Apakah anda sadar bahwa anda akan mengalami perjalanan tanpa kembali ke dunia? Apa yang sudah anda persiapkan untuk perjalanan tersebut?
Apa bekal amal sholeh anda di dunia yang akan menghibur kesendirian anda di alam barzah?
Berapa umur anda? Berapa lama anda akan hidup? Yakinkah semua akan berakhir? Yakinkah anda bahwa akhir itu hanya ada dua, surga atau neraka? Akhir seperti apoa yang anda inginkan?

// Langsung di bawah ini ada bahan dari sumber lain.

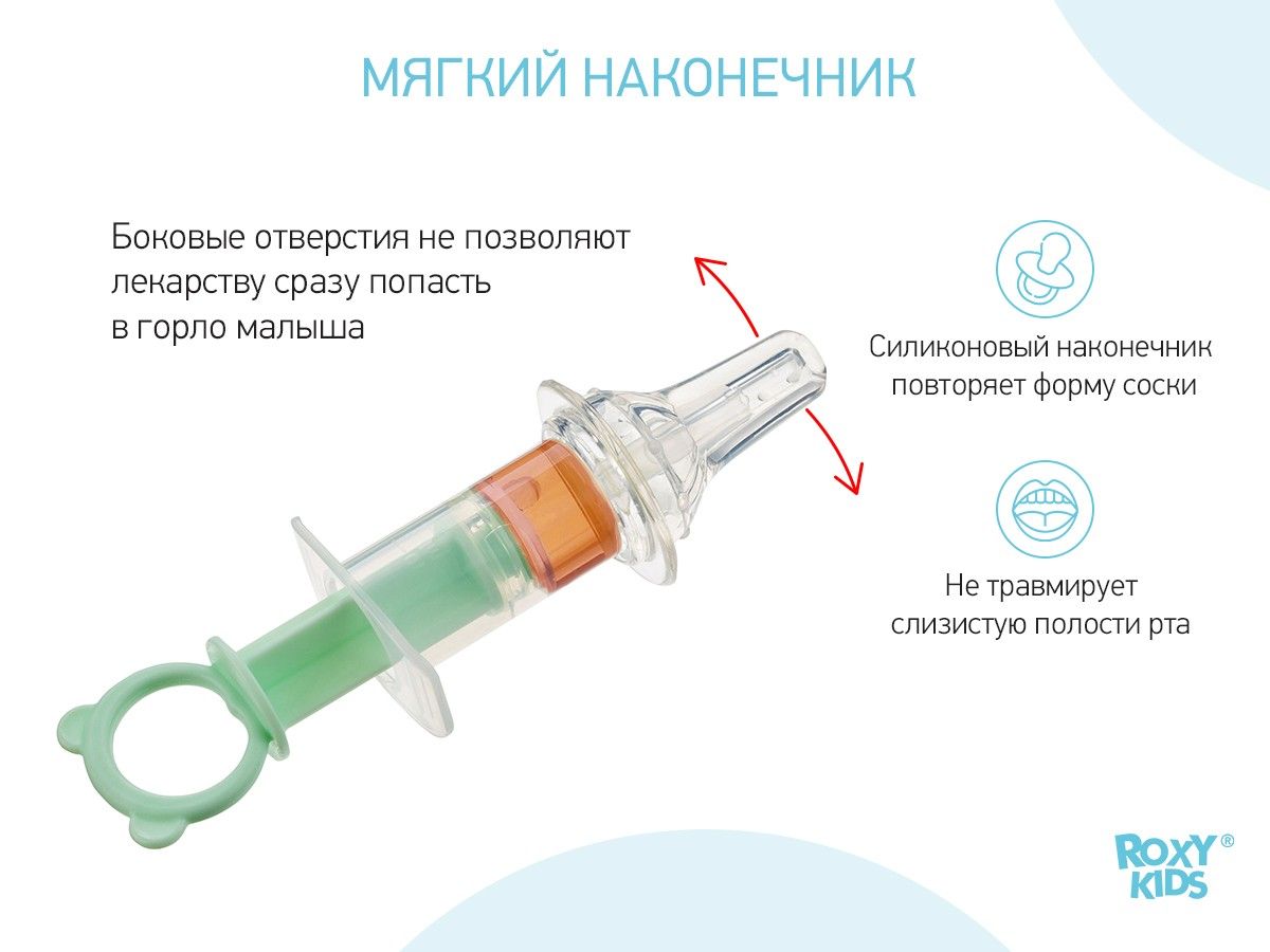 Дозатор для приема лекарств ROXY-KIDS поможет обеспечить комфортное введение малышу любых сиропов, лекарств и других жидкостей, если он отказывается их принимать. С помощью дозатора можно легко отмерить нужную порцию и контролировать скорость введения лекарства. Содержимое можно аккуратно ввести, пока ребенок будет увлеченно жевать силиконовый наконечник.
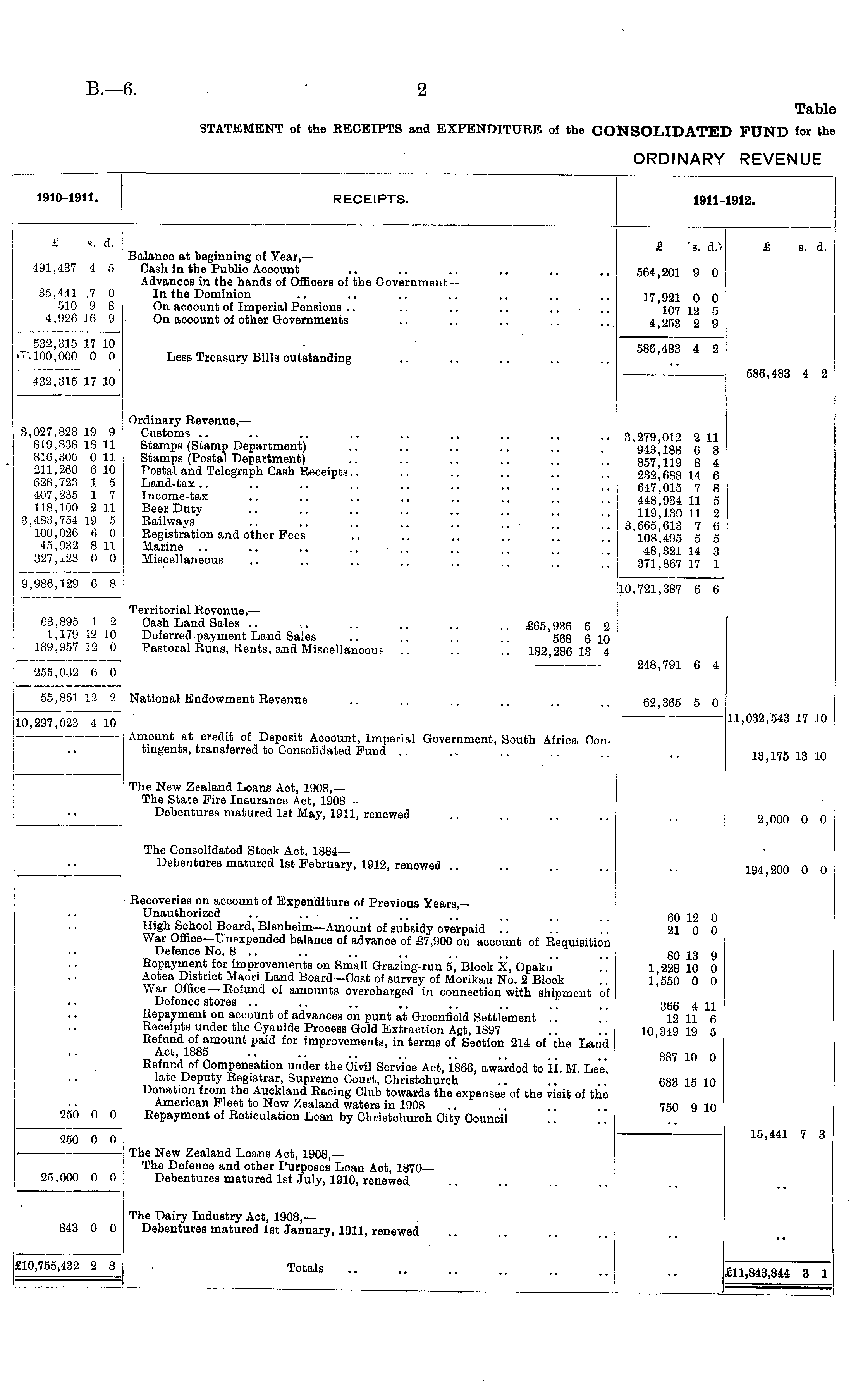 VENUE 1910-1911. RECEIPTS. 19111912. £ s. d. £ s. d.'< £ s. d. 491,437 4 5 35,441 .7 0 510 9 8 4,926 16 9 Balanoe at beginning of Year,— Cash in the Public Account Advanoes in the hands of Officers of the Government -- In the Dominion On acoount of Imperial Pensions On account of other Governments 564,201 9 0 17,921 0 0 107 12 5 4,253 2 9 532,315 17 10 »T-100,000 0 0 Less Treasury Bills outstanding 586,483 4 2 586,483 4 2 432,315 17 10 3,027,828 19 9 819,838 18 11 816,306 0 11 311,260 6 10 628,723 1 5 407,235 1 7 118,100 2 11 3,483,754 19 5 100,026 6 0 45,932 8 11 327,i23 0 0 9,986,129 6 8 Ordinary Revenue, — Customs Stamps (Stamp Department) Stamps (Postal Department) Postal and Telegraph Cash Receipts Land-tax Income-tax Beer Duty Eailways Registration and other Pees Marine Miscellaneous 3,279,012 2 11 943,188 6 3 857,119 8 4 232,688 14 6 647,015 7 8 448,934 11 5 119,130 11 2 3,665,613 7 6 108,495 5 5 48,321 14 3 371,867 17 1 Territorial Revenue, — Cash Land Sales .. ,, .. .. .. .. £65,936 6 2 Deferred-payment Land Sales .. .. .. .. 568 6 10 Pastoral Runs, Rents, and Miscellaneous .. .. .. 182,286 13 4 10,721,387 6 6 63,895 1 2 1,179 12 10 189,957 12 0 248,791 6 4 255,032 6 0 National Endowment Revenue 62,365 5 0 55,801 12 2 .0,297,023 4 10 Amount at credit of Deposit Account, Imperial Government, South Africa Contingents, transferred to Consolidated Fund 11,032,543 17 10 13,175 13 10 The New Zealand Loans Act, 1908, — The State Pire Insurance Act, 1908— Debentures matured 1st May, 1911, renewed 2,000 0 0 The Consolidated Stock Act, 1884— Debentures matured 1st February, 1912, renewed 194,200 0 0 Recoveries on account of Expenditure of Previous Years,— Unauthorized High School Board, Blenheim—Amount of subsidy overpaid .. .. .. War Offioe—Unexpended balance of advance of £7,900 on account of Requisition Defence No. 8 .. .. .. .. .. _ Repayment for improvements on Small Grazing-run 5, Block X, Opakii' Aotea District Maori Land Board—Cost of survey of Morikau No. 2 Block War Office — Refund of amounts overcharged in connection with shipment of Defence stores Repayment on account of advances on punt at Greenfield Settlement '.'. Receipts under the Cyanide Process Gold Extraction Act, 1897 Refund of amount paid for improvements, in terms of Section 214 of the Land Act, 1885 Refund of Compensation under the Civil Service Aot, 1866, awarded to H. M. Lee", late Deputy Registrar, Supreme Court, Christchuroh Donation from the Auckland Racing Club towards the expenses of the visit of the American Fleet to New Zealand waters in 1908 Repayment of Reticulation Loan by Christchurch City Council 60 12 0 21 0 0 80 13 9 1,228 10 0 1,550 0 0 366 4 11 12 11 6 10,349 19 5 387 10 0 633 15 10 250 0 0 750 9 10 250 0 0 The New Zealand Loans Act, 1908, — The Defence and other Purposes Loan Act, 1870 Debentures matured 1st July, 1910, renewed 15,441 7 3 25,000 0 0 The Dairy Industry Act, 1908,— Debentures matured 1st January, 1911, renewed 843 0 0 110,755,432 2 8 Totals £11,843,844 3 1

Apakah pernah terbayang bahwa malaikat maut mencabut nyawa anda? Sedang anda dalam keadaan lengah, lalai, maksiat, berdosa dan belum sepat bertaubat?
Pernahkah anda membayangkan saat-saat terakhir dari kehidupan anda, saat berpisah dengan orang-orang yang dicintai, anak, suami, orang tua, sahabat. Itulah saat-saat kematian yang penuh dengan penderitaan dan kedahsyatan dicabutnya nyawa. Saat ruh terpisah dari jasad, kemana anda akan diusung?
Perhatikan! Berapa banyak orang yang telah wafat, apakah mereka membawa harta benda, istana-istana, kedudukan? Apakah mereka dikuburkan dengan harta bendamereka? Apakah mereka pindah ke akhirat dengan harta benda mereka? Apa yang mereka bawa?